“Yo no soy bobo para hacer la fila en el banco”. “No soy boba para no ser capaz de conducir el carro mientras hablo por celular”. “Como si fuera bobo para ponerme a pagar impuestos”. “Acaso soy bobo para no tumbarme ese billete, si me dieron papaya”. “Usted si es muy boba, que cruza por el puente peatonal” “¿Es que me cree bobo, que voy a ir hasta el paradero de buses?” Podríamos agotar el espacio de esta columna y nos sobrarían frases para condensar las muchas variantes de esa retorcida visión del mundo que los colombianos hemos convertido en una suerte de código ético al revés. Por lo visto, palabras tan esenciales para la convivencia como respeto y responsabilidad desaparecieron de nuestro diccionario nacional, si es que estuvieron alguna vez. Con razón uno de los poemas que aprendimos a recitar en la escuela primaria lleva el título apenas comprensible de “Simón el Bobito”. Claro: en la inconfundible cadencia de los versos de Pombo reside al parecer la clave de uno de los componentes de nuestra identidad colectiva.

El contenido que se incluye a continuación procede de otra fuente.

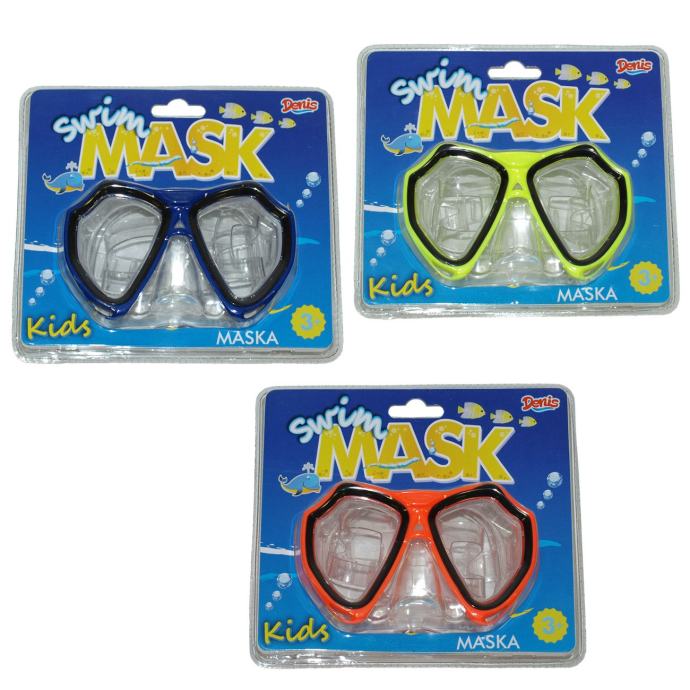 Dječja polumaska s zatvorenim nosnikom i velikim panoramskim staklima. Izrađena od izdržljivog PVC-a. Podesiva traka za savršeno pristajanje uz lice.

Vistas las cosas de esa manera, se trata de ser avispados, o de tener “picardía”, según la ilustrativa frase del hoy presidente de Colombia, cuando se le cuestionó acerca de sus prácticas políticas. En ese tono, no solo es bien recibido, sino que además es envidiable n o respetar a quien tomó su turno en la fila antes que yo. Reduciría los niveles de autoestima ponerse a pensar en los riesgos que representa para la propia vida y para los demás hablar por teléfono mientras se conduce un automóvil, o hasta una motocicleta, como puede constatarlo cualquier observador que recorra las calles. Ni qué decir del pago de los impuestos, obligación que no asociamos con las exigencias que todo el tiempo estamos haciéndoles al Estado y la sociedad. Pero nada supera a la ligereza con que los depredadores de los recursos públicos justifican sus trapisondas: “ Si no lo hago yo, lo hace otro”, sentencian los ladrones de cuello blanco, con el aire beatífico que algunos filántropos utilizan para hacer públicos sus actos de beneficencia.

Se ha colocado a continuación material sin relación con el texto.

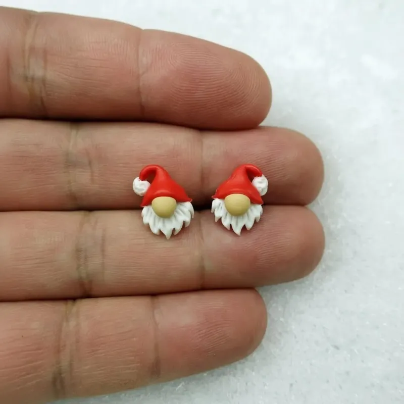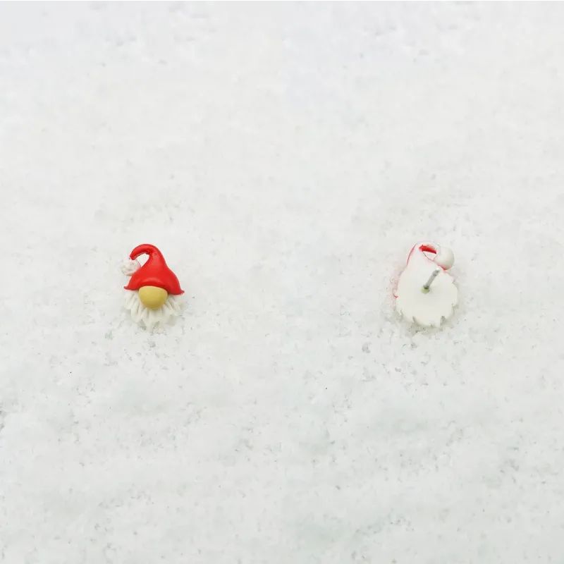 Handmade Santa Gonk (with hat) stud earrings, lovingly handmade with Polymer Clay and Stainless Steel.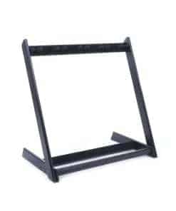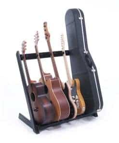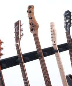 Este soporte premium de guitarra de 5 vías y estuche fue diseñado para permitirte mostrar tus hermosas guitarras y estuches en tu hogar o estudio, y hacerlo con estilo. La ventaja única de este soporte de guitarra es que puedes personalizarlo en cuestión de segundos. Puedes sostener 5 soportes para guitarra, 5 estuches para guitarra o una mezcla de ambos, dependiendo totalmente de tu colección personal y de lo que te gustaría exhibir. Con una estructura de madera de caoba negra maciza, este bastidor de guitarra y estuche de guitarra llega empaquetado plano y se puede montar en poco tiempo usando nuestra simple «Guía de 4 Pasos» proporcionada en la caja, para que puedas presentar tus guitarras con estilo en minutos después de la entrega. Este soporte servirá para guitarras acústicas de tamaño completo, guitarras eléctricas y guitarras bajo.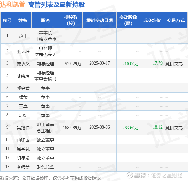达利凯普近半年内的董监高及核心技术人员增减持详情如下:

Pero la lista sigue. Resulta claro que utilizar un puente peatonal o abordar el bus en el paradero correspondiente es síntoma inequívoco de retraso mental. Y no hablemos de los que replican que no son bobos para bajarle volumen a la música cuando los vecinos imploran un poco de tranquilidad: si no puede dormir o descansar es asunto suyo, no mío, que, como pueden ver, pertenezco al reino de los avispados.

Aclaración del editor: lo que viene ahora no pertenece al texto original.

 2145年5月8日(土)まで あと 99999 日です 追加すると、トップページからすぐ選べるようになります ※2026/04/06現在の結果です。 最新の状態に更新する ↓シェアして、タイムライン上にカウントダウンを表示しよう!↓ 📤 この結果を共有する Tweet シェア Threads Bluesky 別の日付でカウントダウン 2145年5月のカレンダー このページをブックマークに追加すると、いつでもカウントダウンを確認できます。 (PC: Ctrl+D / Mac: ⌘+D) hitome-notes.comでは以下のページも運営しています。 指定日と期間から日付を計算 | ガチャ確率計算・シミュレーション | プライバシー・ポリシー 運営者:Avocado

¿De dónde nos viene ese perverso legado? Algunos afirman que lo heredamos de las prácticas coloniales, cuando las gestiones ante los representantes de la corona engendraron una interminable lista de corruptelas que enriquecieron a los intermediarios. Otros apuntan a una educación religiosa fundada en la hipocresía, cuya máxima de oro está resumida en la frase aquella de “El que peca y reza empata”. Un sector nos recuerda que, como el fuego y el pánico, el ejemplo cunde y que esa manera de obrar es el reflejo que nos devuelve el espejo de las instituciones que constituyen el soporte colectivo, vale decir: la iglesia, la familia, el Estado y la escuela. El problema reside en que cada una de esas percepciones justifica el estado de cosas, antes que cuestionarlo. “Así son las cosas y así es el mundo, mijito”, recitaban los abuelos con esa resignación que veces era sabiduría y otras era la cara misma de la derrota.
Por lo pronto, si deseamos de veras cambiar en algo esa manera de instalarnos en la existencia que hace del cinismo, el atajo y la bravuconada las únicas cartas de presentación, podríamos empezar convirtiendo el elogio de la bobada en un punto de partida para pintar de otro color esta cara de marrullerías y triquiñuelas que hoy le presentamos al mundo.